This exhibition proposes a speculative relationship between the railway lines—built during the export period of the guano from the Peruvian islands in the second half of the 19th century—and the computer vectors that govern the digital networks of the present. This apparently distant relationship allows us to approach the past and present from the idea of a network: a layout of lines and coordinates that join points. Just as the railway networks were responsible for streamlining the internal market and linking it to the ports for its insertion into a global exchange network, digital networks and computer vectors are today responsible for articulating a complex relationship of almost invisible functions that manage the demands of production and distribution in the world. Based on work with historical archives, the project seeks to reflect on the exchange between nature and technology, using the history of guano as a case study. The exhibition is divided into two rooms. The first room explores the ways of representing the guano ecosystem in the 20th century through paintings that use as a reference a Scientific Bulletin published by the Guano Administration Company. The second room proposes, based on video and drawing, a conceptual approach to the graphic vector; a key element for the development of any digital interface and network in the present. In this room, the aim is to simulate a linear route based on a vectorized digital drawing of a railway through film.
In 1865, photographer Alexander Gardner published the photo album Rays of Sunlight from South America; a selection of photographs of Peru taken by the North American photographer Henry De Witt Moulton. In this album you can see the city of Lima and the Chincha Islands, known for their large guano deposits. Within that group, there is a photograph that catches my attention: a giant guano mountain, almost 30 meters high that stands imposingly, in contrast with dwarfed workers who are chipping away at its fossilized rock surface. This image seems ideal to understand the opposition between prosperity and misery that characterizes that moment in history.

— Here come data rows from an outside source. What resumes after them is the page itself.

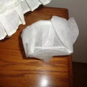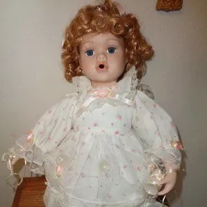 She is all dressed up in her pretty ruffled and laced dress with bows. Real eye lashes and she loves to pretend that she is blowing bubbles. ( She does not actually blow bubbles ) She is a collectible doll with a seat that comes with her. I personally don't think she sits on the seat very well but would still look very nice propped up on some pillows on a bed. She is not a toy to play with but rather to display. I am in my 60's and I still love to go out and blow bubbles with or with out my grand children. This doll is for the child at heart such as my self who just can't get enough of blowing bubbles and were always enchanted by all those pretty colors in them as the floated in the air. She is 15 inches tall, new and has been stored well. There is no original box but I will wrap with love for a safe trip to you. It is her head and half way up her arms and hands that are porcelain. The rest of her is cloth and stuffed tightly. She is a cutie for sure. Who can resist those pretty curls too???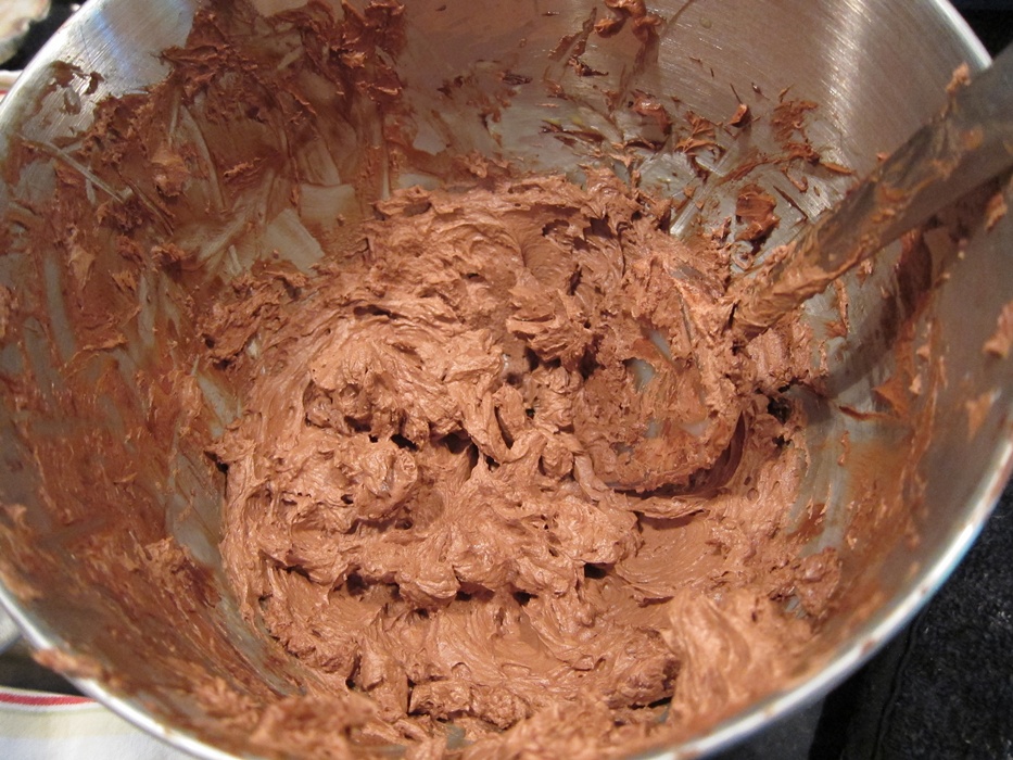 To make the frosting, first melt the chocolate in a double boiler or the microwave, then let cool several minutes. Beat the eggs and butter together, then add in the chocolate. Beat in the almond extract.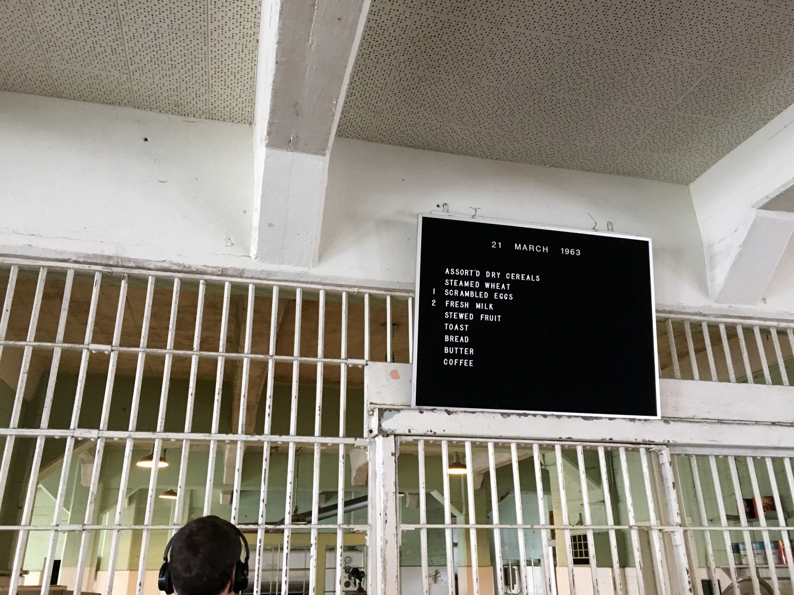 La cafétéria. Semblerait que tous les efforts étaient mis en place pour que la nourriture soit excellente — ça gardait les prisonniers de bonne humeur (et les rendait moins enclins à faire du trouble). / The cafeteria. Apparently every effort was made to have excellent food, so that the prisoners would be in a better mood (and less likely to cause trouble).

Since I learned about this album I have constantly wondered why the title Rayos de Sol de Sudamérica was given to it. The most obvious answer is that it is a nod to photography - other albums from that time already had titles that alluded to light or the sun as a way of evoking the genesis of the photographic image; but I can’t help but think that there is a relationship beyond, perhaps associated with the idea of hope. It is as if Gardner had wanted to point out the existence of a ray of light as a symbol of the progress that could emerge from the shadow of a backward Peru that had become independent only four decades ago, and that seemed to have not yet embraced the industrial transformations that were accelerating. to the rest of the world.
This project, divided into two rooms, contains visual exercises based on the relationships and ideas that the history of guano triggers, but which are also carried, speculatively, to an already technologized present. How does the global and incipient network that originated at that time become more complex to the present? This question cannot be answered without thinking about the transformation of the gaze, which has progressively modified our perception of the world as it became more technical. Local nature-global industry, interconnectivity and progress, these ideas try to resonate in both rooms, each accompanied by a short text that contextualizes them.